*TASK GOAL*
In the listing below, find the line with "Частушки, лубок и" and copy every line from there up to and including the line with "Equal Parts Relaxed", exactly and without pictures.

*STUDY MATERIAL*
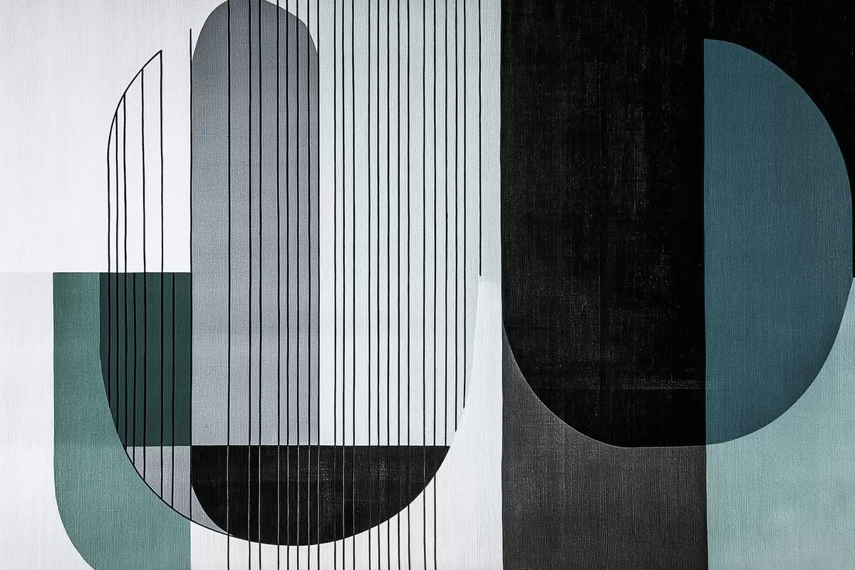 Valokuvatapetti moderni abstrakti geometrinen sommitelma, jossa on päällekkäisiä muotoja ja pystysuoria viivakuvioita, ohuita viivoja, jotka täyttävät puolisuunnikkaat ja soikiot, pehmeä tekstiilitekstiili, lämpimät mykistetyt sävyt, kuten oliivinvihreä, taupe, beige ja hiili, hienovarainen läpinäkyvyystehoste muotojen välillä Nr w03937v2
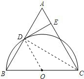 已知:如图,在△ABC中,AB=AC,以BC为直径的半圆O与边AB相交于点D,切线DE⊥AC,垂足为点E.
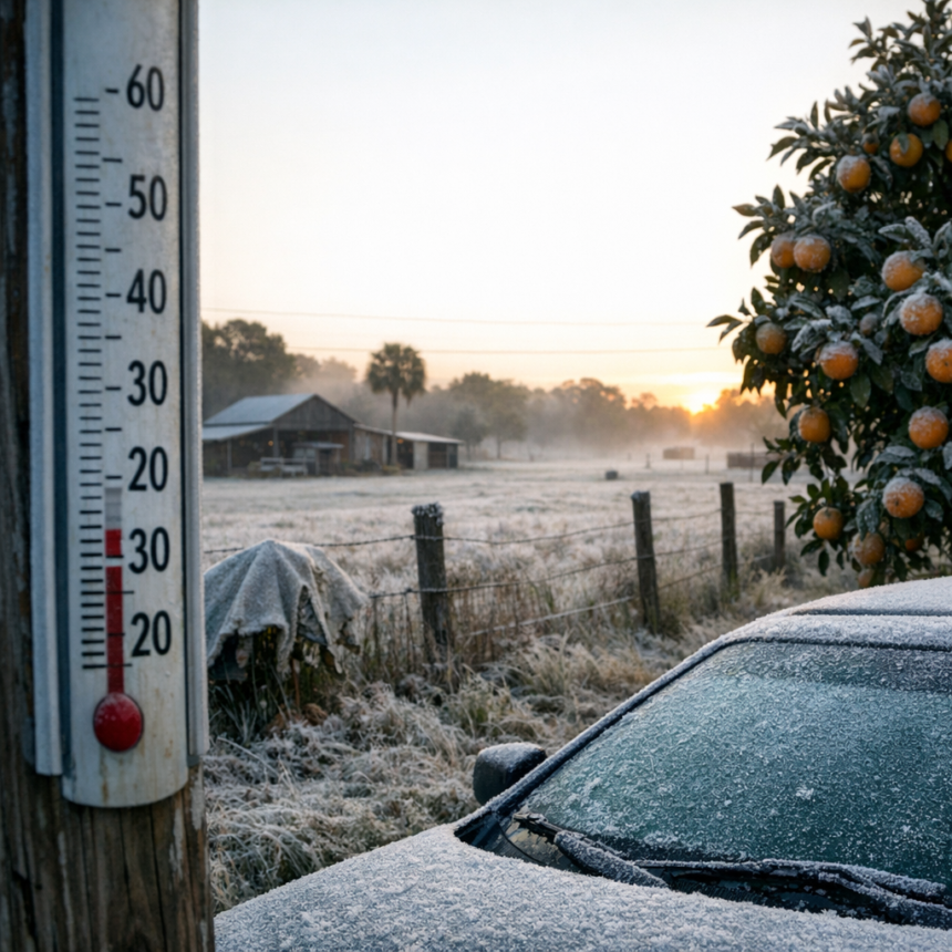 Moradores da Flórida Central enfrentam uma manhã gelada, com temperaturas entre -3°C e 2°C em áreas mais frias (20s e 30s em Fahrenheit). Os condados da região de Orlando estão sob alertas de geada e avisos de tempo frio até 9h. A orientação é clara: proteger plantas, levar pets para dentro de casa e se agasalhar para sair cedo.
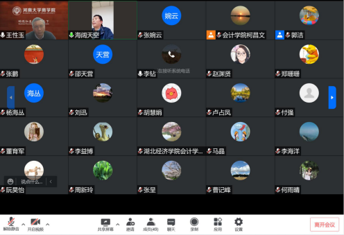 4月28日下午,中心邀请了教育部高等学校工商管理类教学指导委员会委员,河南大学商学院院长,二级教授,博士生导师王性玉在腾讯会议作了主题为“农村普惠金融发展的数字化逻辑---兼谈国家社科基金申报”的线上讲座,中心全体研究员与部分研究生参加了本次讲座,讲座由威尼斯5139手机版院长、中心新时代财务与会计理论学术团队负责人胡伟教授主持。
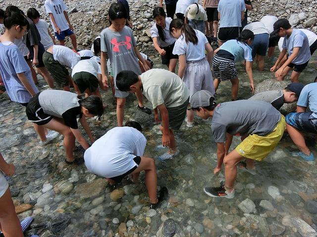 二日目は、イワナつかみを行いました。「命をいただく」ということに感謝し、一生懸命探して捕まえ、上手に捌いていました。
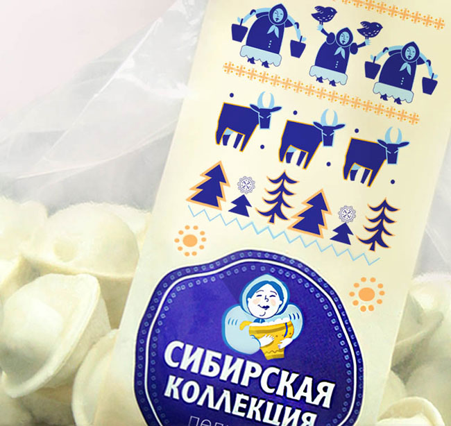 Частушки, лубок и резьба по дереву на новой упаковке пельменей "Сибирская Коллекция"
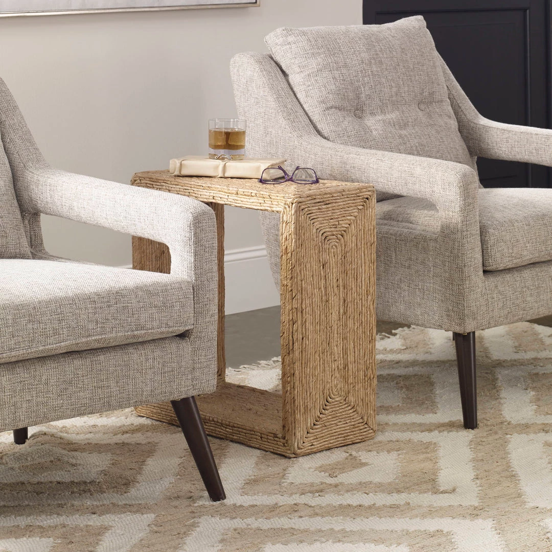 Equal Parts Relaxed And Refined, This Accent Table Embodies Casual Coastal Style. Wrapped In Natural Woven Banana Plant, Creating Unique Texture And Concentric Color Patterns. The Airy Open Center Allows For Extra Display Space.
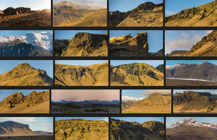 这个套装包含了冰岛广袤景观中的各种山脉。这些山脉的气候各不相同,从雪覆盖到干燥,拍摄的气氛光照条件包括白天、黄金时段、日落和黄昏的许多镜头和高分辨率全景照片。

*COMPLETED EXERCISE*
 Частушки, лубок и резьба по дереву на новой упаковке пельменей "Сибирская Коллекция"
 Equal Parts Relaxed And Refined, This Accent Table Embodies Casual Coastal Style. Wrapped In Natural Woven Banana Plant, Creating Unique Texture And Concentric Color Patterns. The Airy Open Center Allows For Extra Display Space.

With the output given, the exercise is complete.